The fires that have burned vast tracts of land near his childhood home in Colorado and not far from his former home in California. The fire that burned a warehouse full of his merch in Detroit last December. A fire that burned down the house in Fort Collins where he used to live with his bandmates in 2004. And all of the other metaphorical fires that have raged through his life over the years.
“Things burn down and then you watch the flowers grow back out of the cracks,” Menert reflected in an interview with BandWagon.
The theme has permeated the Pretty Lights cofounder’s music in recent months. While Menert’s last release was a chilledout downtempo salve for the loneliness and dread of pandemic lockdowns, his upcoming album is energetic, chaotic and regenerative.
It’s a return to form. And, fittingly, Menert has also returned home. In 2016, he left Colorado to work as a producer and sound engineer for Mickey Hart of the Grateful Dead. He and his wife settled into the small, coastal town of Gualala, California. But the couple returned to the front range in October of last year in order to take care of his mother, who is confronting health issues. The return was bittersweet, but Menert is glad to be back.
“We lived on the coast in a remote and very beautiful place. But, especially during COVID, it was hard to see the people that we cared about,” Menert said. “I missed having a scene of friends and musicians and feeling like I was a part of something.”
After a five-year hiatus, Menert is once again a mainstay of the Northern Colorado music scene. He now lives in Denver and hosts a Vinyl DJ night at Rosetta Hall in Boulder every Monday. He has also begun to host a “quarterly” show at the Lyric in Fort
Collins where he collaborates with visual effects wizard Baxter Long. On July 16, he will be joined by a cast of danceable Colorado acts for his third show at the Lyric entitled phasingfade:summer.
In keeping with the theme, Menert’s set will trace a narrative of fire and regrowth. “It’s about watching things burn, but realizing that they’re just things,” he said. “And realizing that the pain of losing them actually creates space.”

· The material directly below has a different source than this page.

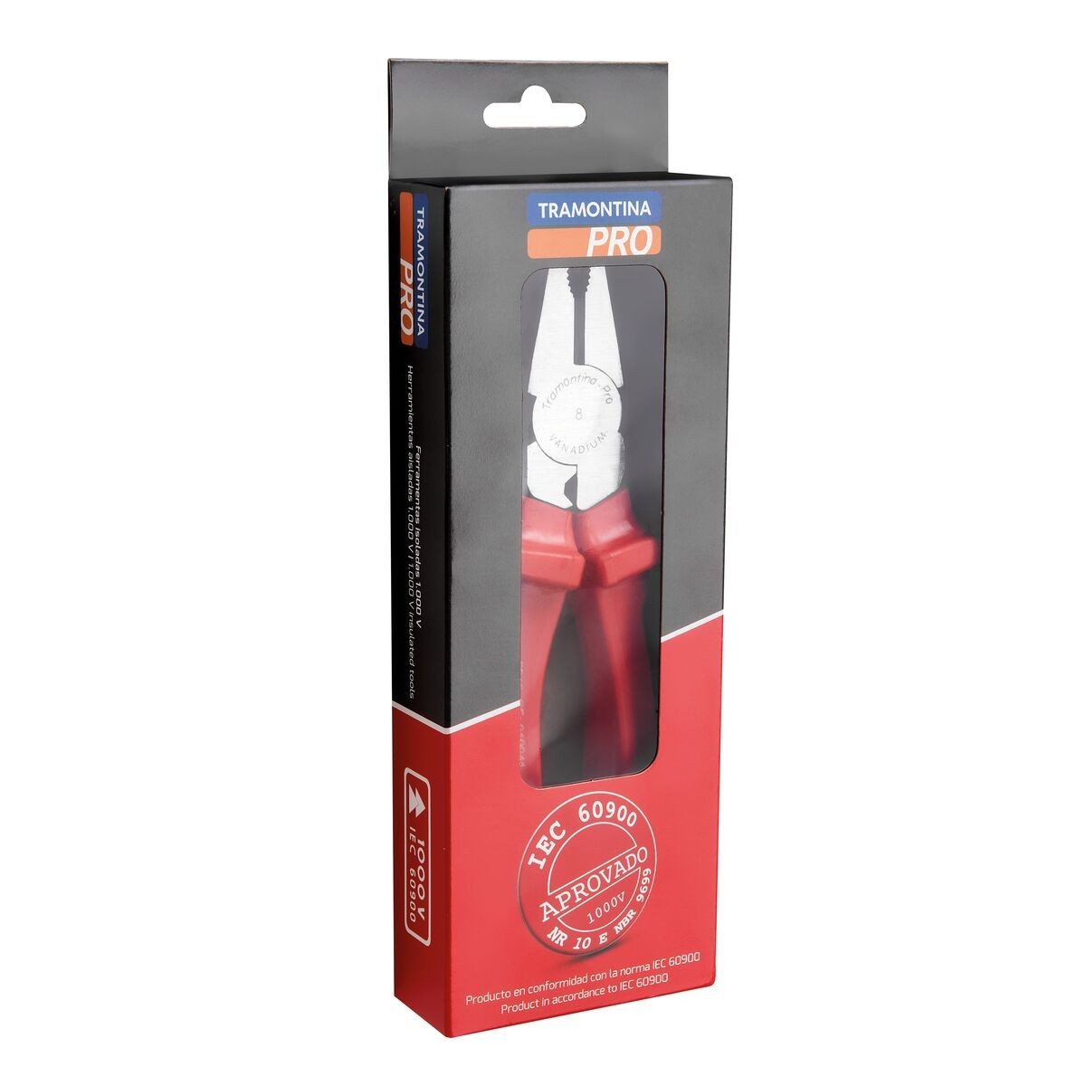La línea de herramientas aisladas IEC 60900 de Tramontina PRO ofrece total seguridad para quienes trabajan con electricidad. Indicadas para actividades de baja tensión, hasta 1.000 volts de corriente alterna y 1.500 volts de corriente directa, cumplen las exigencias de la norma internacional IEC 60900 (equivalente a la EN 60900 europea) y con los requisitos de la NR 10. La línea ofrece llaves fijas, combinadas, estriadas y ajustables, dados y accesorios, pinzas, destornilladores, mini arcos de sierra, cortadoras pelacables y maletines para herramientas. Para garantizar total seguridad a los usuarios, Tramontina prueba todas las piezas fabricadas sometiéndolas a rigurosos ensayos de calidad y de aislamiento eléctrico de 10.000 volts de corriente alterna.

This is a lesson that Menert has had to learn more than once. The most catastrophic fire, figuratively, happened early on in his music career. In 2006, Menert and Pretty Lights cofounder Derek Vincent Smith regularly hosted DIY parties, played shows and toured with a rotating cast of friends and collaborators. They were playing enough shows that they couldn’t work regular jobs. Still Menert wasn’t yet making quite enough money to live, in part because of a worsening opiate addiction.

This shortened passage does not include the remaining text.